Eram pouco mais de sete horas quando Adelaide acordou, olhou para o despertador com desprezo e saltou da cama em direção ao banheiro, lavou o rosto e olhou-se no espelho, mas, aquela “olhada” não foi à mesma de todas as manhãs...
Adelaide percebeu que seu rosto não era mais o mesmo, suas mãos, seu olhar, seu humor... Dera-se conta em pleno atraso de que as decepções da vida faziam dela uma pessoa vazia, não que não gostasse das pessoas, não tivesse sentimentos, mas faltava algo, um propósito.
Lembrou em flash’s de um tempo feliz, rodeada de amigos e recebendo um amor de forma como nunca mais teria recebido e sorriu, enquanto lágrimas percorriam-lhe a face... Lembrou com intensidade dos carinhos, olhares, gestos, palavras recebidas com paixão do primeiro namorado, das amigas do colégio, dos vizinhos barulhentos, das crianças brincando na rua, dos avós que faleceram, das broncas que recebia dos pais enquanto com eles ainda morava... Saudades... Suspirava agora entre lágrimas...

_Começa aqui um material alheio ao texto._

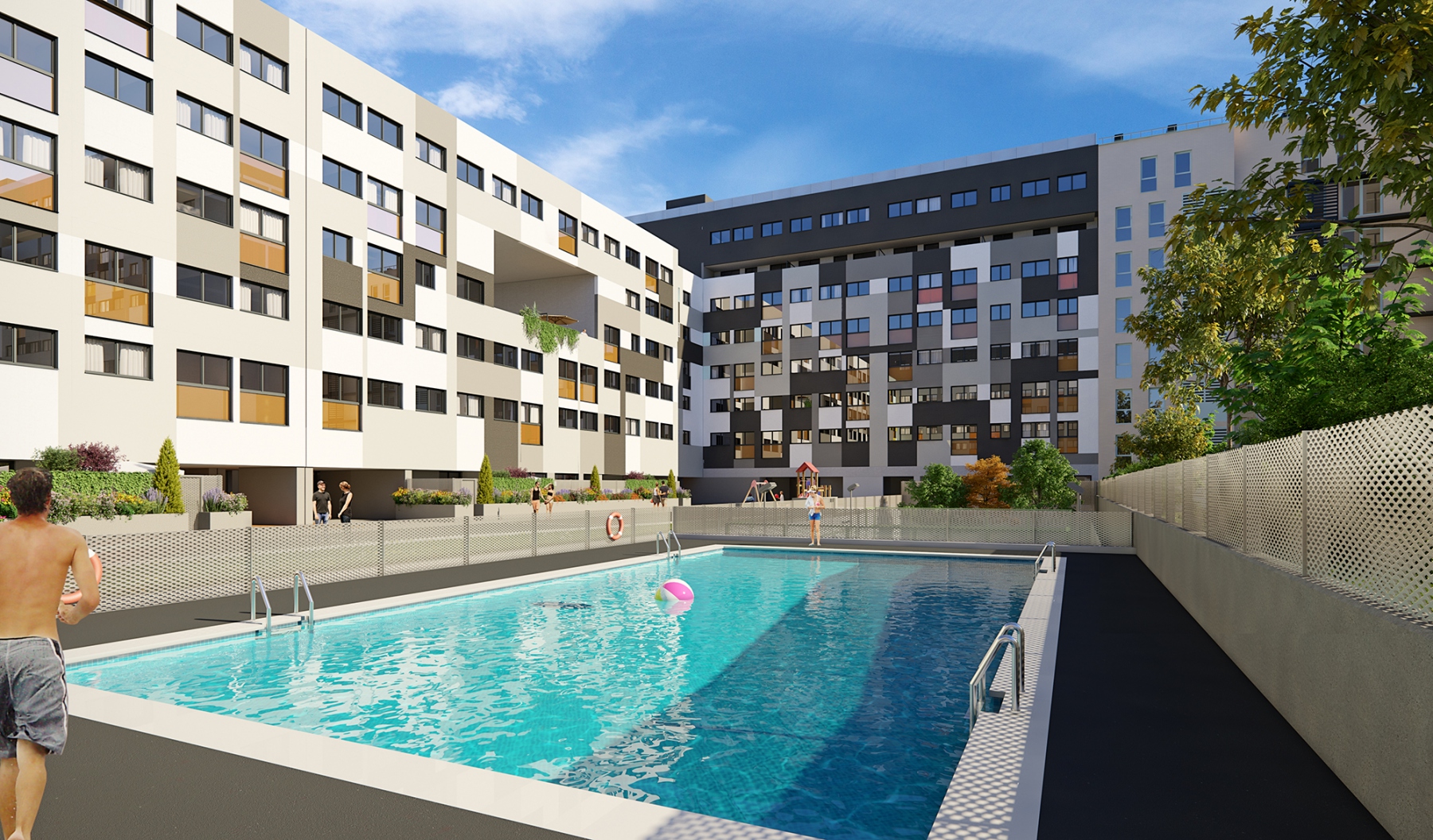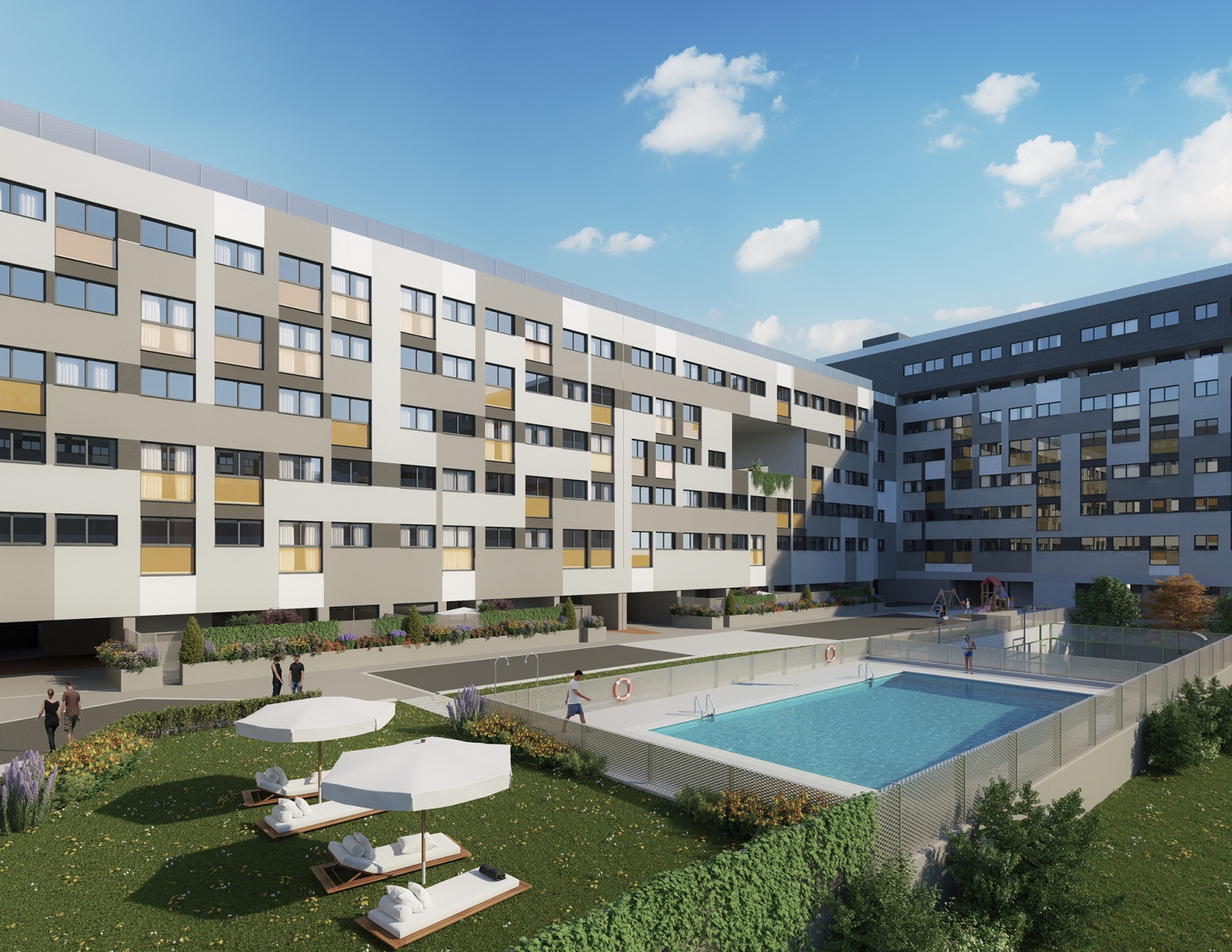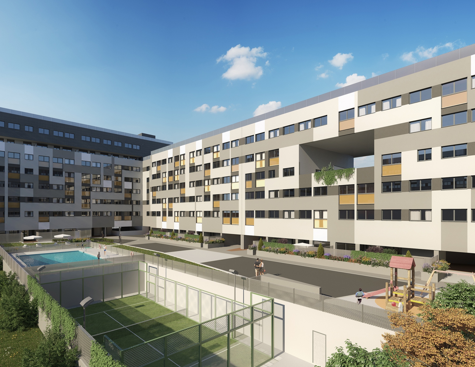 Excelente urbanización privada de 123 viviendas de VPPL de 2 a 4 dormitorios, con 2 plazas de garaje y trastero. Las zonas comunes cuentan con piscina, pádel, área de juegos infantiles y zonas ajardinadas.

Sentia pena de si mesma, mas lembrou que aprendera muito, era agora uma Adelaide ainda mais forte e animou-se pegando a toalha e secando o rosto, porém, pensou ela, mais só, mais desconfiada, mais incrédula, e enumerou mentalmente uma lista dos “contras” em segundos. Nada restava agora a não ser vestir-se e literalmente correr para o trabalho.
Redatora de um jornal, Adelaide chegou ás pressas e sentou meio sem jeito na cadeira para não ser surpreendida pelo chefe, olhou para o computador e pelo monitor mais uma vez viu seu rosto, agora, ainda mais cansado depois das “relembranças”. Resolveu então ler o horóscopo: “Deixe aquele alguém se aproximar. Ninguém está livre de erros, nem mesmo os reis. A história comprova. Com as mancadas, as nossas e as alheias, aprendemos, e temos a oportunidade para nos reformular. Seu coração está falando tão alto... Ele precisa gritar?”.
E por pouco não gritou mesmo, impulsiva como poucas que conheço, a redatora sufocou o grito e passou o restante do dia refletindo.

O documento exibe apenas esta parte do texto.